Al final de la comida, doña Augusta quiso mostrar una travesura en el postre. Presentó en las copas de champagne la más deliciosa crema helada. Después que la familia mostró su más rendido acatamiento al postre sorpresivo, doña Augusta regaló la receta: —Son las cosas sencillas —dijo—, que podemos hacer en la cocina cubana, la repostería más fácil, y que enseguida el paladar declara incomparables. Un coco rallado en conserva, más otra conserva de piña rallada, unidas a la mitad de otra lata de leche condensada, y llega entonces el hada, es decir, la viejita Marie Brizard, para rociar con su anisete la crema olorosa. Al refrigerador, se sirve cuando está bien fría. Luego la vamos saboreando, recibiendo los elogios de los otros comensales que piden con insistencia el bis, como cuando oímos alguna pavana de Lully.

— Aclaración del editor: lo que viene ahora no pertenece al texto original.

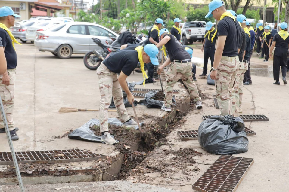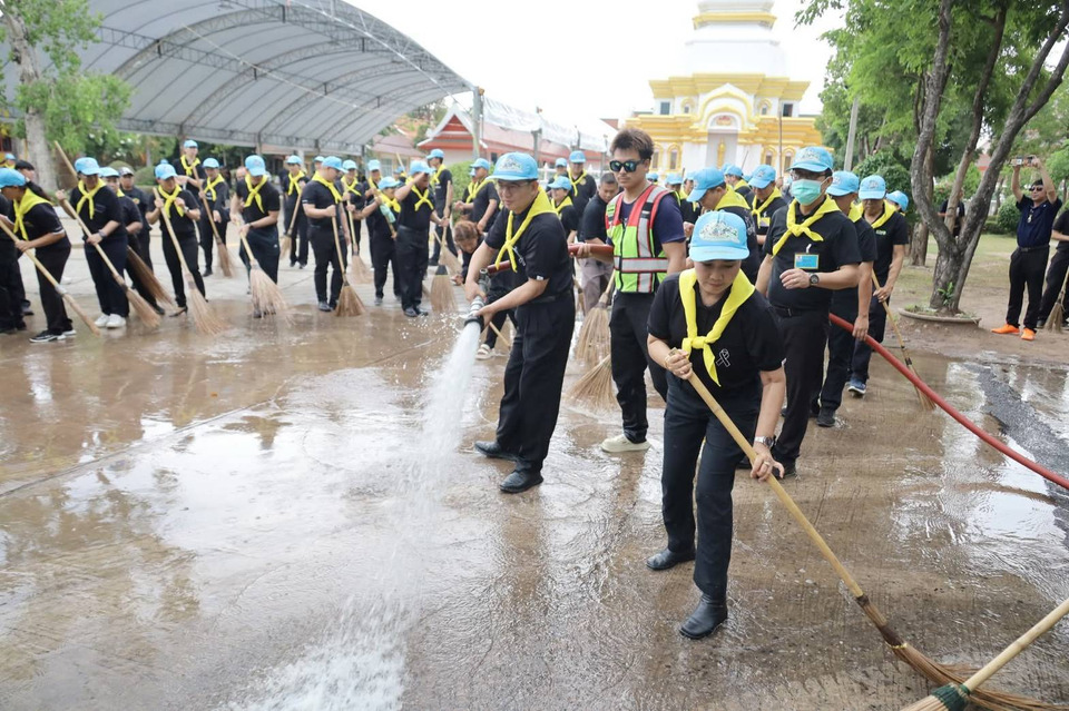 ร่วมกันฉีดน้ำแรงดันสูงล้างพื้นถนนและกวาดน้ำทำความสะอาดพื้นถนนบริเวณวัดประชานิยม พระอารามหลวง พื้นที่รับเสด็จฯ พระบาทสมเด็จพระเจ้าอยู่หัว และสมเด็จพระนางเจ้าฯพระบรมราชินี เสด็จพระราชดำเนินทรงประกอบพิธีตัดหวายลูกนิมิตพระอุโบสถ ณ วัดประชานิยม พระอารามหลวง อำเภอเมืองกาฬสินธุ์ จังหวัดกาฬสินธุ์ ในวันเสาร์ที่ 16 พฤษภาคม 2569
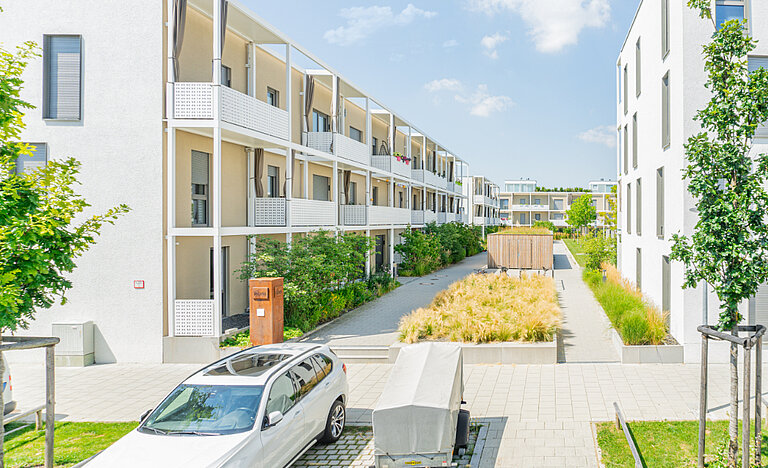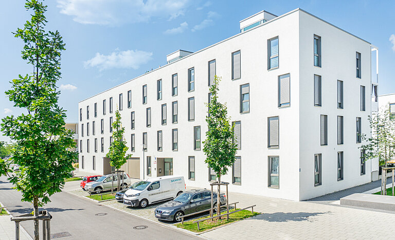 Die Wohnanlage Riem wurde von Juni 2015 bis Februar 2017 neu erbaut und ist in der Messestadt gelegen, die weltweiter Gastgeber für Fachmessen ist. Der im Münchner Osten gelegene Stadtbezirk ist seit der Schließung des Alten Flughafens 1992 regelrecht aufgeblüht und lädt zu zahlreichen Freizeitbeschäftigungen wie das Einkaufszentrum Riem-Arcaden, Riemer Park oder die Galopprennbahn ein.
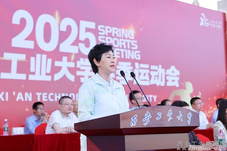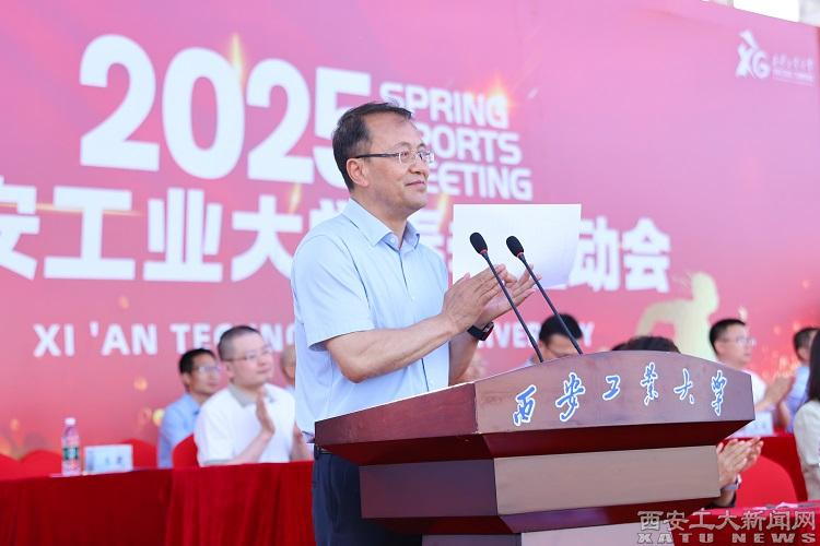 姚尧致开幕词,代表学校对运动会的开幕表示热烈祝贺,向所有运动员、教练员、裁判员及工作人员表示衷心感谢和亲切问候。他指出,体育铸魂强魄,运动固本培元。体育教育是国家体育事业的重要组成部分,也是学校人才培养的重要方面。他强调,今年的运动会,是在学校建校70周年之际召开的一场体育盛会。这场盛会,不仅是全体师生运动水平的精彩角逐、精神风貌的集中展示,也是学校以兵工精神铸魂,以红色基因育人的生动课堂。希望各代表队和全体运动员能够发扬奥林匹克精神,展现良好体育道德风尚,比出风格、赛出水平;希望全体师生能够在拼搏和竞技中传承兵工人永不言弃的坚韧,在团结和协作中彰显青年人勇立潮头的担当,以西工七十载薪火相传的历史加速度奔赴教育强国建设的新征途。
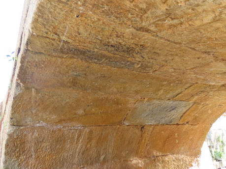 Aspecto da Ponte de Pedra, com vegetação arbustiva entre seus blocos rochosos, antes da obra de restauração. Fotografia: Luiz Cruz, 2013.
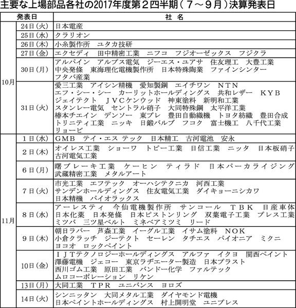 【主な上場部品各社の2017年度第2四半期(7~9月)決算発表日】
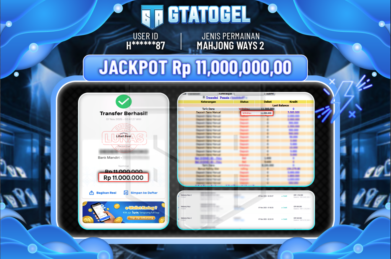 GTATOGEL – BUKTI WITHDRAW KEMENANGAN JACKPOT MAHJONG WAYS 2 Rp.11.000.000,- DI BAYAR LUNAS !!!
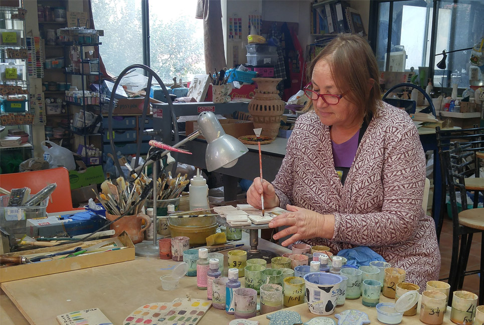 הסטודיו של אסנת הוא חגיגה של צבעים, דמויות ודמיון, וכל מי שנכנס, יקנה או לא יקנה, מתקבל בסבר פנים יפות ובשמחה שמואל לוין כפר
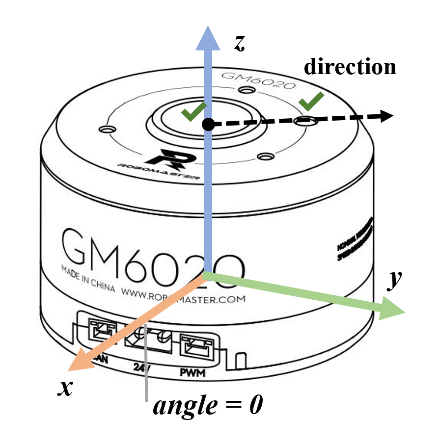 根据航向电机编码器的零位朝向,定义电机(定子)坐标系,转子朝向指向 \(x^+\)。
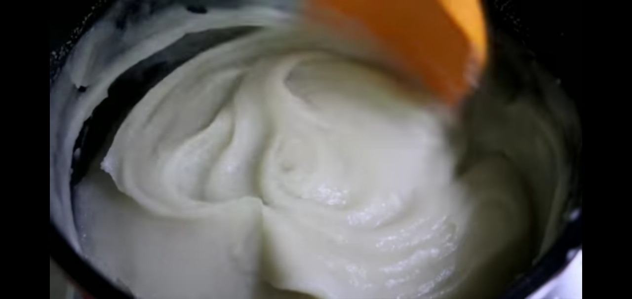 냄비에 찹쌀풀을 넣고 천천히 끓이며 잘 저어주세요.
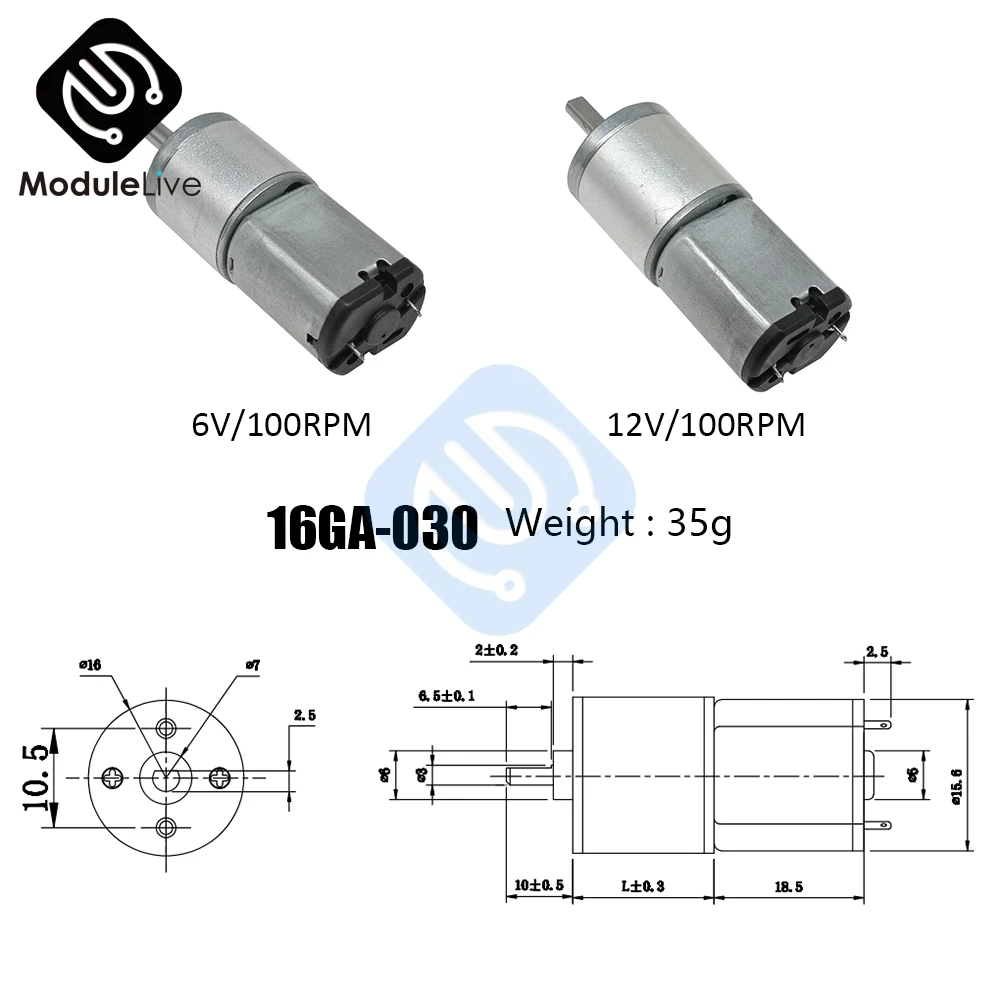 Редукторный двигатель 16GA-030, 6 в, 12 В, 30, 60, 100, 150, 200, 300 обмин

La famosa cena lezamiana (o de Doña Augusta o Baldovina, como también le llaman) conforma un menú clásico, por la inclusión de casi todos los grupos culinarios a la usanza en Cuba, excepto la bebida (alcohólica o no; aunque, en rigor, incluye el café): una sopa (de plátano), un entrante (soufflé de mariscos), una ensalada (de remolacha y espárragos), un cárnico o comida principal (pavón sobredorado), un postre (crema helada) y varias frutas (y café, y habanos para la sobremesa). Nada escapa a este «sibarita del comer», al decir de Manuel Moreno Fraginals, que es también el anfitrión atento, el invitado gustoso, el gourmet de los café habaneros… (Sirvan estas breves notas como homenaje al poeta de Dador, en el centenario de su nacimiento).

 
Caricatura de José Lezama Lima (cortesía de Félix Guerra).
 

Otros apuntes no menos atendibles se ofrecen en Mi tío el empleado, de Ramón Mesa, y en Generales y doctores, de Carlos Loveira, sin excluir ese clásico de la ensayística: el Contrapunteo cubano del tabaco y el azúcar, de Fernando Ortiz; además de las magistrales referencias culinarias de Alejo Carpentier en Concierto barroco y El reino de este mundo. Estas y otras obras aportan una memoria escrita de alto valor cultural.
Otro exponente de obligada referencia en la expresión del acto de comer en Cuba, es nuestro poeta nacional, Nicolás Guillén, que con gran simpatía aporta versos inolvidables en su poema «Epístola», en La paloma de vuelo popular:

Perdonad al poeta
desdoblado en gastrónomo... Mas quiero
que me digáis si allá (junto al puchero,
la fabada tal vez o la munyeta),
lograsteis decorar vuestros manteles
con blanco arroz y oscuro picadillo,
orondos huevos fritos con tomate,
el solemne aguacate
y el rubicundo plátano amarillo.
¿O por ser más sencillo,
el chicharrón de puerco con su masa,
dándole el brazo al siboney casabe
la mesa presidió de vuestra casa?
Y del bronco lechón el frágil cuero
dorado en púa ¿no alumbró algún día
bajo esos puros cielos españoles
el amable ostracismo? ¿Hallar pudisteis,
tal vez al cabo de mortal porfía,
en olas navegando,
en rubias olas de cerveza fría,
nuestros negros frijoles,
para los cuales toda gula es poca,
gordo tasajo y cristalina yuca,
de esa que llaman en Brasil mandioca?
El maíz, oro fino
en sagradas pepitas,
quizá vuestros ayunos
a perturbar con su riqueza vino.
El quimbombó africano,
cuya baba el limón corta y detiene,
¿no os suscitó el cubano
guiso de camarones,
o la tibia ensalada,
ante la cual espárragos ebúrneos,
según doctos varones,
según doctos varones en cocina,
según doctos varones no son nada?
Veo el arroz con pollo,
que es a la vez hispánico y criollo,
del cual es prima hermana
la famosa paella valenciana.
No me llaméis bellaco
si os hablo del ajiaco,
del cilíndrico ñame poderoso,
del boniato pastoso,
o de la calabaza femenina
y el fufú montañoso.
¡Basta! Os recuerdo el postre. Para eso
no más que el blanco queso,
el blanco queso que el montuno alaba,
en pareja con cascos de guayaba.
Y al final, buen remate a tanto diente,
una taza pequeña
de café carretero y bien caliente.

   

Después de este fugaz y deleitoso recorrido por la literatura en Cuba, en aras de buscar sus nexos con el acto alimentario, queda la invitación para continuar explorando y descubriendo la ofrenda gastronómica —implícita y explícita— que atesora, por siempre y para siempre, la vasta obra intelectual de la cultura cubana.

* Miembros de la Junta Directiva Nacional de CUBASOLAR.